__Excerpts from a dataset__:
◇ ◇ ◇

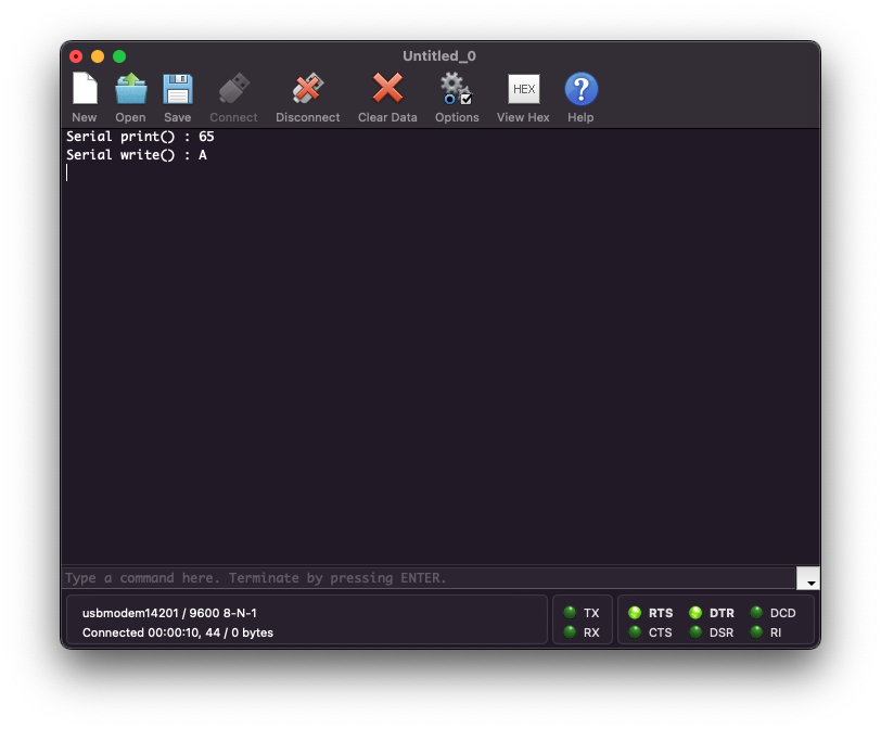 Serial.write(65);
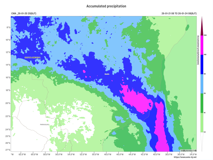 Affected by a low-pressure trough (Figure 1), it is expected that from January 21 to 23, 2026, central and southeastern Brazil will experience moderate to heavy rainfall, with some areas facing torrential rain and localized extreme downpours. The regions most likely to be impacted include Mato Grosso, Goiás, the Federal District, Minas Gerais, Espírito Santo, and Rio de Janeiro. The cumulative rainfall during this period is anticipated to be between 50 and 90 mm with some areas receiving 120 to 180 mm and localized regions exceeding 200 mm (Figure 2). This heavy precipitation will be accompanied by severe convective weather, including short-duration intense rainfall and thunderstorms with strong winds (Figure 3). Precautions are advised against potential secondary disasters such as flooding, landslides, debris flows, and urban waterlogging in the aforementioned regions, as well as adverse impacts on power facilities, transportation, and other sectors.
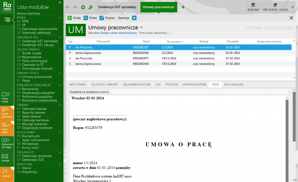 - podstawowa obsługa wynagrodzeń: ewidencja osobowa, umów cywilnoprawnych oraz umów o pracę;
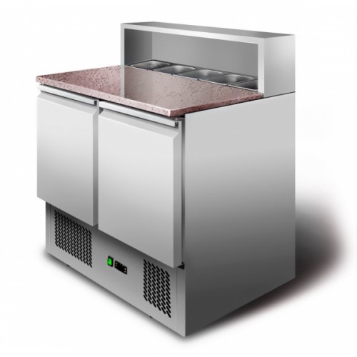 Стол для пиццы с гранитной столешницей и салат-баром Gastrorag PS900 SEC - используется в кафе, барах, ресторанах для приготовления пиццы.
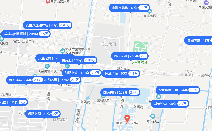 八一花园,太平南园,鑫城南苑,红星天铂,金地国际,时代都会,国城璟府,仁恒公园世纪,中南世纪花城,中南世纪新城,世纪东城,中海上林苑,远创东樾,华润置地南通悦府,翡翠华府,天一裕景苑,万科方圆,万科揽境,绿城诚园,观阳名邸,帝奥世伦名郡,天空之城,弘阳上城,时代悦城,山港桥花苑
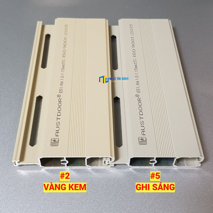 - Austdoor E51 còn sở hữu vẻ ngoài thẩm mỹ cao, màu sắc tươi sáng như ghi sáng, vàng kem sang trọng – rất phù hợp với xu hướng cửa cuốn hiện đại trong thiết kế nhà ở ngày nay.
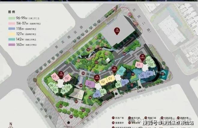 01-01地块,总占地面积约1.93万㎡,总建筑面积约23.8万㎡,计容建筑面积约18.01万㎡,容积率8.81,绿化率40.01%,共由4栋总高56F的住宅组成,1栋1单元办公40F,1栋2/3/4/5单元住宅56F,规划有公交首末站。
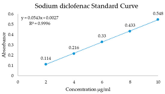 Inflammation is a normal response of the body to various stimuli including pathogens, damaged cells, and toxic compounds and can cause different symptoms, such as pain, fever and other complications [42]. In general, in the treatment of inflammation, various drugs with anti-inflammatory or analgesic effects are administered [43]. Diclofenac sodium is a nonsteroidal, anti-inflammatory analgesic agent generally used for the treatment of pain in the joint system [44]. The controlled release of diclofenac has been studied recently as diclofenac has the disadvantages of low aqueous solubility, low bioavailability, and short biological half-life [45,46,47]. Oral administration of diclofenac has been associated with the occurrence of several side effects, such as the occurrence of gastric ulcers, gastrointestinal bleeding, blood dyscrasias, and anaphylaxis [48]. Many researchers have tried different variants of controlled release of diclofenac in order to reduce the side effects associated with diclofenac administration [49,50,51,52].

◇ ◇ ◇

__Exercise prompt__:
Restate, word for word, each line from the line containing "- Austdoor E51" through the end of the entries above; the pictures are not part of the copy.

__Solution to this exercise__:
 - Austdoor E51 còn sở hữu vẻ ngoài thẩm mỹ cao, màu sắc tươi sáng như ghi sáng, vàng kem sang trọng – rất phù hợp với xu hướng cửa cuốn hiện đại trong thiết kế nhà ở ngày nay.
 01-01地块,总占地面积约1.93万㎡,总建筑面积约23.8万㎡,计容建筑面积约18.01万㎡,容积率8.81,绿化率40.01%,共由4栋总高56F的住宅组成,1栋1单元办公40F,1栋2/3/4/5单元住宅56F,规划有公交首末站。
 Inflammation is a normal response of the body to various stimuli including pathogens, damaged cells, and toxic compounds and can cause different symptoms, such as pain, fever and other complications [42]. In general, in the treatment of inflammation, various drugs with anti-inflammatory or analgesic effects are administered [43]. Diclofenac sodium is a nonsteroidal, anti-inflammatory analgesic agent generally used for the treatment of pain in the joint system [44]. The controlled release of diclofenac has been studied recently as diclofenac has the disadvantages of low aqueous solubility, low bioavailability, and short biological half-life [45,46,47]. Oral administration of diclofenac has been associated with the occurrence of several side effects, such as the occurrence of gastric ulcers, gastrointestinal bleeding, blood dyscrasias, and anaphylaxis [48]. Many researchers have tried different variants of controlled release of diclofenac in order to reduce the side effects associated with diclofenac administration [49,50,51,52].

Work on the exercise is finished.